To address the issues previously mentioned, we propose an end-to-end gait recognition method based on 3D human body reconstruction. Our method generates a new gait contour sequence using a 3D human body reconstruction method. Usually, 3D view gait descriptor-based techniques [8] require a complex and costly setup of multiple calibrated cameras, limiting their use to controlled environments. However, our proposed method overcomes this limitation by allowing for 3D reconstruction directly from original video frames, eliminating the need for costly camera setups, and expanding applicability to a wider range of environments. In comparison with silhouette sequences, the 3D reconstruction method does not include any redundant information other than the body, which means that previous problems such as clothing and accessories will not affect the analysis. Additionally, the 3D reconstruction allows for the extraction of more informative features that can effectively reflect the pedestrian's gait. A visual comparison of different gait representations is shown in Fig. 1, where it can be observed that the gait information extracted from 3D human body reconstruction is clearer and more complete than that from silhouette sequences. Furthermore, to fully utilize the global and local spatial information of pedestrians, we propose a multi-granular feature fusion module which models temporal–spatial dependencies at multiple levels to achieve better representation ability. Our contributions can be summarized as follows:

  • our proposed method leverages the power of 3D human body reconstruction to overcome the challenges posed by changes in pedestrian appearance and attire, such as coat wearing and bag carrying. Our approach generates a new gait contour sequence that contains information about the pedestrian's body, eliminating the need to consider irrelevant or redundant information. Unlike traditional methods that require a setup of multiple calibrated cameras or preprocessing of video streams, our model can be directly applied to the original video frames. This greatly simplifies the gait recognition process and enhances its robustness and efficiency.
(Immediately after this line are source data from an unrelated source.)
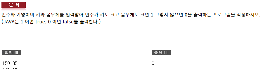 #include <iostream> using namespace std; int main(void) { int var1, var2, var3; cin >> var1 >> var2 >> var3; bool isFirstBiggest = (var1 > var2) && (var1 > var3); bool isAllSame = (var1 == var2) && (var2 == var3); cout << isFirstBiggest << ' ' << isAllSame << endl; }111 : 연산자 - 형성평가1
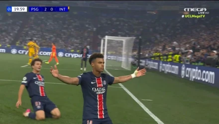 Η Παρί Σεν Ζερμέν βρίσκει και δεύτερο γκολ απέναντι στην Ίντερ, με τον Ντεμπελέ να τροφοδοτεί τον Ντουέ, ο οποίος έκανε το σουτ, η μπάλα κόντραρε κα κατέληξε στα δίχτυα του Σόμερ.
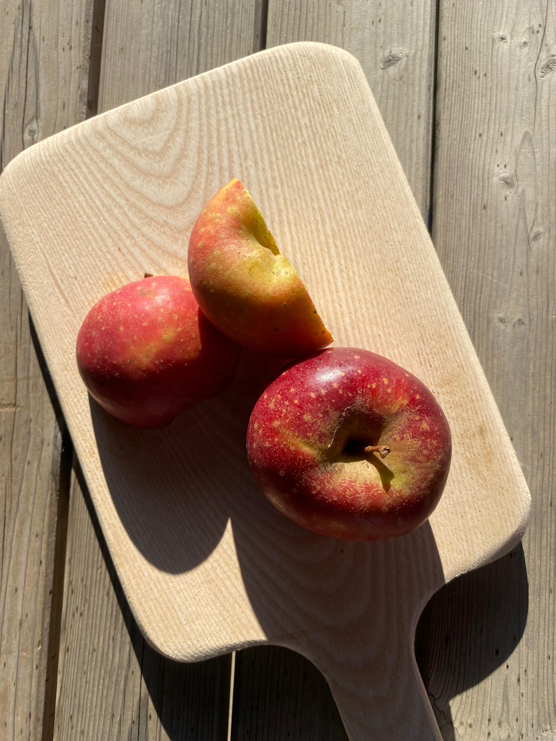 Mela Dalinette, rossa su sotto colore giallo-verde, è la Regina delle mele invernali. Polpa croccante che poi si fa morbida ma non farinosa. Gusto dolce, aromatico con sentori di fragola e banana, indiscutibilmente eccezionale.
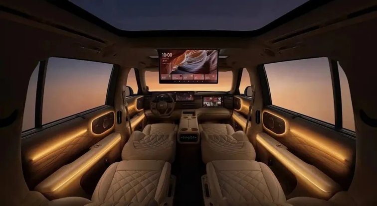内饰采用乳白色+灰色配色方案,辅以金色缝线和镀铬饰条装饰,营造出高端商务气质。中控台由仪表盘与中控屏组成的一体式大屏,搭配15.6英寸3K副驾驶屏和22.5英寸2K后排吸顶屏,形成多屏交互的科技布局。舒适性方面,LS9配备三把零重力座椅,支持贵妃椅、大床房等多种模式切换。
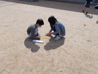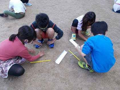 理科の学習で、日なたと日かげの地面の温度を測りました。温度計にまっすぐに目線を合わせて温度を測っていました。

  • To address the issue of underutilizing spatial features in gait recognition methods, we introduce a multi-granular feature fusion module that effectively captures the temporal–spatial information representation of pedestrians from both global and local perspectives. This allows for a more comprehensive understanding of the gait characteristics and helps in enhancing recognition performance.

2 Related works

2.1 Model-based approaches

2.1.1 Traditional gait recognition

The traditional gait recognition techniques mainly focus on utilizing information about the human body structure and the motion patterns of various body parts to identify gait characteristics. This information is then used to generate gait features for recognition purposes. For instance, Lee and Grimson [9] divided the pedestrian gait silhouette into 7 regions, each of which is fitted by an elliptic curve and then calculated the elliptic parameters as gait feature representation. Cunado et al. [10] considered that the leg motions follow the simple harmonic motion and then modeled this rule for gait recognition. In order to analyze the gait motion, Yoo et al. [11] utilized 2D stick shaped to represent the human body model and obtained the angle signals of various parts of the body through linear regression analysis. Yam et al. [12] used the pendulum model to guide the process of motion extraction. Urtasun et al. [13] extended the method of Cunado et al. [10] to 3D space and proposed a 3D human motion model based on principal component analysis (PCA) in order to overcome the influence of occlusion and motion direction changes. Dockstader et al. [14] proposed a hierarchical structure model which used a group of dots and lines to represent the human body and a periodic swing model to describe the gait pattern. Most of these traditional methods rely on specific environments and devices, such as fully controllable multi-camera collaborative environments, making such methods difficult to apply in practice. In contrast, our approach relies only on common cameras, greatly simplifying the constraint mention of recognition scenes.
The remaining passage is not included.